TASK OBJECTIVE: Pictures stay out of the copy; output exactly the lines from the one containing "Todas las modalidades" through the end of the material.

DATA SUPPLIED:

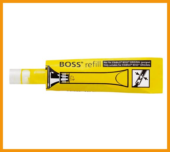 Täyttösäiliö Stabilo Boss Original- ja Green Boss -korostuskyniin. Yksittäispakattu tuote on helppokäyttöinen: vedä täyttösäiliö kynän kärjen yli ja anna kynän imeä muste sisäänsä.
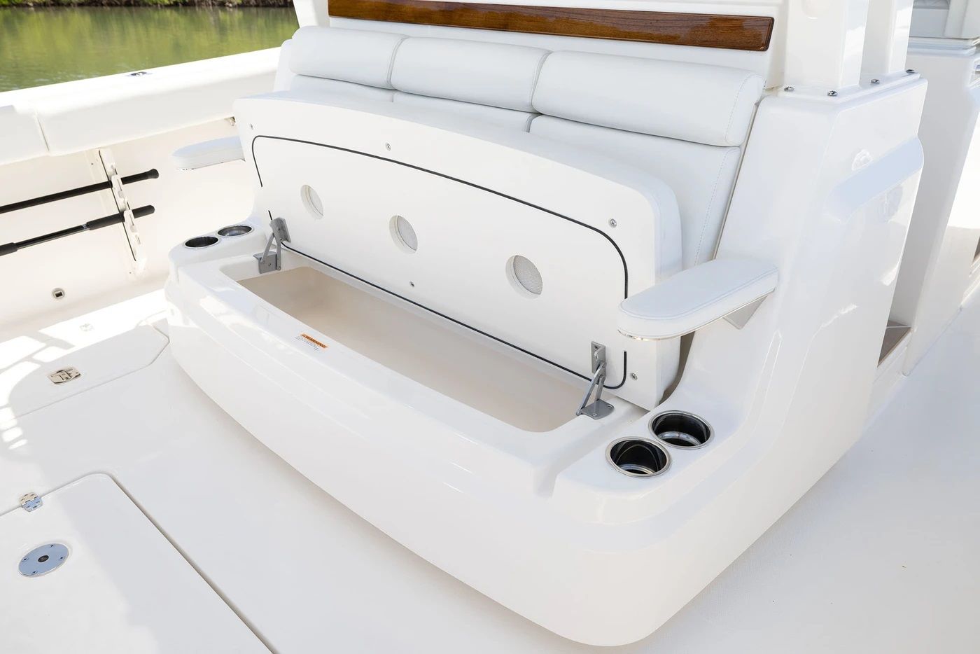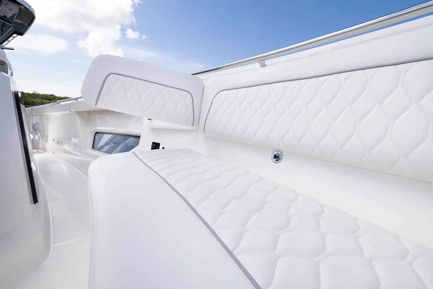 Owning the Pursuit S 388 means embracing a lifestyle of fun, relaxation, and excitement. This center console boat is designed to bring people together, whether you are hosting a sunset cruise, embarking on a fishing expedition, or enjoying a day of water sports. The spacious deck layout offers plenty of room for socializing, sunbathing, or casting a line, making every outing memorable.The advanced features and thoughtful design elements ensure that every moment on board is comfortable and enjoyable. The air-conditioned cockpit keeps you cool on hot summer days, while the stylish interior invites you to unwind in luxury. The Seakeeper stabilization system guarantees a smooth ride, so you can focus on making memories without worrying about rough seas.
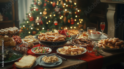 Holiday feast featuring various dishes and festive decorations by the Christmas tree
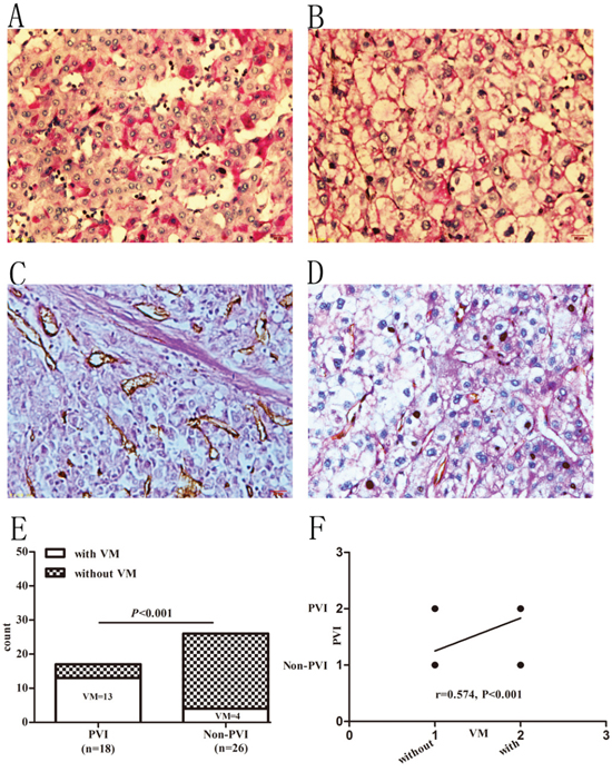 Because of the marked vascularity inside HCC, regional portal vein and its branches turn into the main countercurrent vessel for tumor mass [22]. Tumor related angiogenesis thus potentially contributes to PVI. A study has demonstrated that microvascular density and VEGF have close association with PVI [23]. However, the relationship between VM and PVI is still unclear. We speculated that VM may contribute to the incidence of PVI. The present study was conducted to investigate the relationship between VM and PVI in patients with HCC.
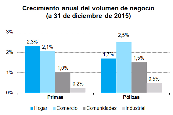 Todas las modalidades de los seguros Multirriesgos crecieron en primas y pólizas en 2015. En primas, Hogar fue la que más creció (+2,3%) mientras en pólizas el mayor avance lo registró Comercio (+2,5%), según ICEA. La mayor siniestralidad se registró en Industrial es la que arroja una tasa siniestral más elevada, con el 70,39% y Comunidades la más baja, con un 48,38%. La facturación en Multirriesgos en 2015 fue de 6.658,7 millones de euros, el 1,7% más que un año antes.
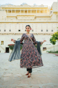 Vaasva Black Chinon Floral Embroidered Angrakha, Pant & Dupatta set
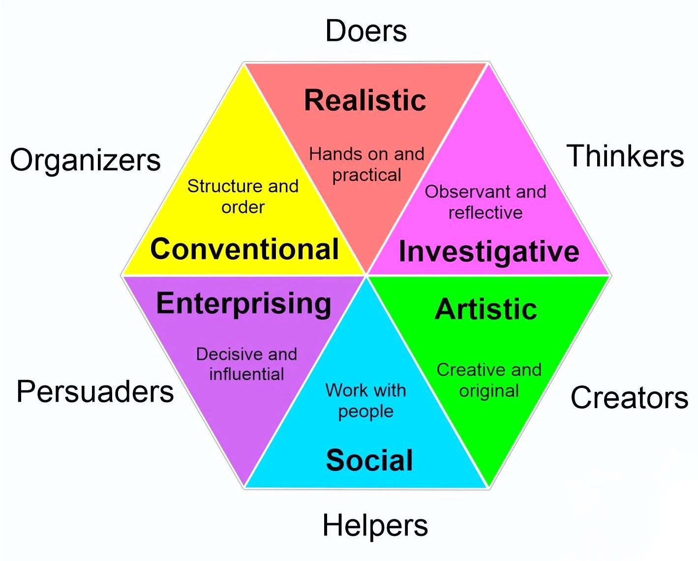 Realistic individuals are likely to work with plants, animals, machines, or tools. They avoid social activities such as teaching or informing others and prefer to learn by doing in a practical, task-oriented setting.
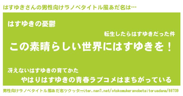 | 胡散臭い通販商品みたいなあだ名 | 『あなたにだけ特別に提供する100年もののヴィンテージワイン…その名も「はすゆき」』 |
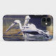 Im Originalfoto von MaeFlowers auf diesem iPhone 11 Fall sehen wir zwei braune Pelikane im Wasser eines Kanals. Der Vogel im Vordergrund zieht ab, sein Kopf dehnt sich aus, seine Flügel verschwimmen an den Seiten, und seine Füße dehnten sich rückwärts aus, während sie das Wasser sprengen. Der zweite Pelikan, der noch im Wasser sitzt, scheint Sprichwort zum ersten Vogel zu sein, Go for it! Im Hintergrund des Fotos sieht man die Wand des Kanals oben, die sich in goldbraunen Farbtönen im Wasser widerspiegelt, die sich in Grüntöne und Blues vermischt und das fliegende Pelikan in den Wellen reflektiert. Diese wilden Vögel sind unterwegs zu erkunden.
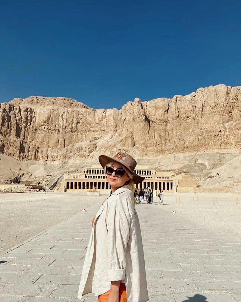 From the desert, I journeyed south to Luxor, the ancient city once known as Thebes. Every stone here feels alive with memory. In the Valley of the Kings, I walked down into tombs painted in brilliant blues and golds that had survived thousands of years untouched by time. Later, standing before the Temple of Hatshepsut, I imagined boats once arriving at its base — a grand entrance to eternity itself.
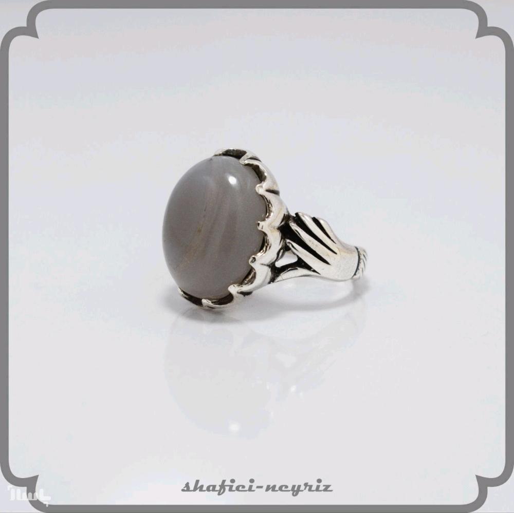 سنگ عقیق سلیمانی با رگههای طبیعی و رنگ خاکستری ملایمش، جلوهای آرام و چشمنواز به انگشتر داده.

WRITTEN RESPONSE:
 Todas las modalidades de los seguros Multirriesgos crecieron en primas y pólizas en 2015. En primas, Hogar fue la que más creció (+2,3%) mientras en pólizas el mayor avance lo registró Comercio (+2,5%), según ICEA. La mayor siniestralidad se registró en Industrial es la que arroja una tasa siniestral más elevada, con el 70,39% y Comunidades la más baja, con un 48,38%. La facturación en Multirriesgos en 2015 fue de 6.658,7 millones de euros, el 1,7% más que un año antes.
 Vaasva Black Chinon Floral Embroidered Angrakha, Pant & Dupatta set
 Realistic individuals are likely to work with plants, animals, machines, or tools. They avoid social activities such as teaching or informing others and prefer to learn by doing in a practical, task-oriented setting.
 | 胡散臭い通販商品みたいなあだ名 | 『あなたにだけ特別に提供する100年もののヴィンテージワイン…その名も「はすゆき」』 |
 Im Originalfoto von MaeFlowers auf diesem iPhone 11 Fall sehen wir zwei braune Pelikane im Wasser eines Kanals. Der Vogel im Vordergrund zieht ab, sein Kopf dehnt sich aus, seine Flügel verschwimmen an den Seiten, und seine Füße dehnten sich rückwärts aus, während sie das Wasser sprengen. Der zweite Pelikan, der noch im Wasser sitzt, scheint Sprichwort zum ersten Vogel zu sein, Go for it! Im Hintergrund des Fotos sieht man die Wand des Kanals oben, die sich in goldbraunen Farbtönen im Wasser widerspiegelt, die sich in Grüntöne und Blues vermischt und das fliegende Pelikan in den Wellen reflektiert. Diese wilden Vögel sind unterwegs zu erkunden.
 From the desert, I journeyed south to Luxor, the ancient city once known as Thebes. Every stone here feels alive with memory. In the Valley of the Kings, I walked down into tombs painted in brilliant blues and golds that had survived thousands of years untouched by time. Later, standing before the Temple of Hatshepsut, I imagined boats once arriving at its base — a grand entrance to eternity itself.
 سنگ عقیق سلیمانی با رگههای طبیعی و رنگ خاکستری ملایمش، جلوهای آرام و چشمنواز به انگشتر داده.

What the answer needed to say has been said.